Put the pork tenderloin, vinegar, soy sauce, peppercorns, half a head of garlic, and bay leaves in a pot or wok. Bring to a boil. Add 1/4 cup of water if it looks dry. Cover the pot and simmer until almost all the liquid is gone. Afterwards, transfer everything to a bowl. Bring the wok back to the heat and add the vegetable oil. Saute the remainin
g one whole head of garlic. Add the meat and fry for 1 or 2 minutes. Then add the adobo sauce and simmer for 2 minutes.

Best served with steaming, hot rice.

Tips, Tricks, and Tweaks:

1. You can use chicken instead of pork. Just make sure to simmer the meat until it is soft.
2. You can also omit the frying part. If you want a saucy adobo, you can dish it up after simmering.
3. I used cane vinegar for the recipe. If you are going to use distilled vinegar, use 1/4 cup instead.

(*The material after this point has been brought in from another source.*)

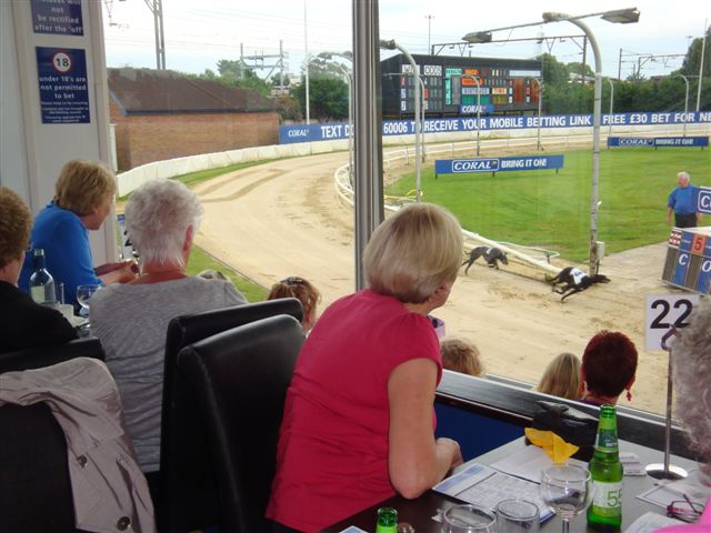 Seated at their tables for lunch, everyone had a track-side seat behind the plate-glass window, which enabled them to watch each race from beginning to end. Their meals and drinks were served at the tables, and they were even able to place their bets there too! Everyone had their own way of picking a dog! For some the luck was in the name, for others the colours, whilst the more expert punters studied the race card for form.

Home Cooking and America's Romance with Restaurants

America seems to have this love affair with eating out. Be it greasy diners, or posh restaurants, there seems to be an endless, insatiable craving for fast-prepared food. Not that I blame them. I also have my share of eating out and I enjoy the food tremendously. But that makes me wonder… what ever happened to good ole’ home cooking?

I am a home cook. Luckily for me, my husband loves what I make. The bolder I get in experimenting in the kitchen, the more he likes it (OK – I admit – he didn’t like the dish with tripe. But to his credit – he ate it!). And luckily for him, I am fond of tinkering in the kitchen, making crazy concoctions and trying out dishes.

We are regular customers of the Oriental Stores in town. We sometimes buy ingredients that we can't even pronounce. If we think it’s authentic or interesting, we stock it in our pantry and hope that someday we will be able to use it in a dish.

I am quite pleased at the outcome of The Next Food Network Star, as the winner (Melissa) is a home cook and have had no culinary training. Much as I like the other candidates, I am happy for her, and I kinda’ see myself in her. Cooking for survival.

Of course, the clean-up is always frustrating, but nothing makes me feel better than hubby enjoying the meal I cooked for him (and of course the occasional “his turn to clean up” nights).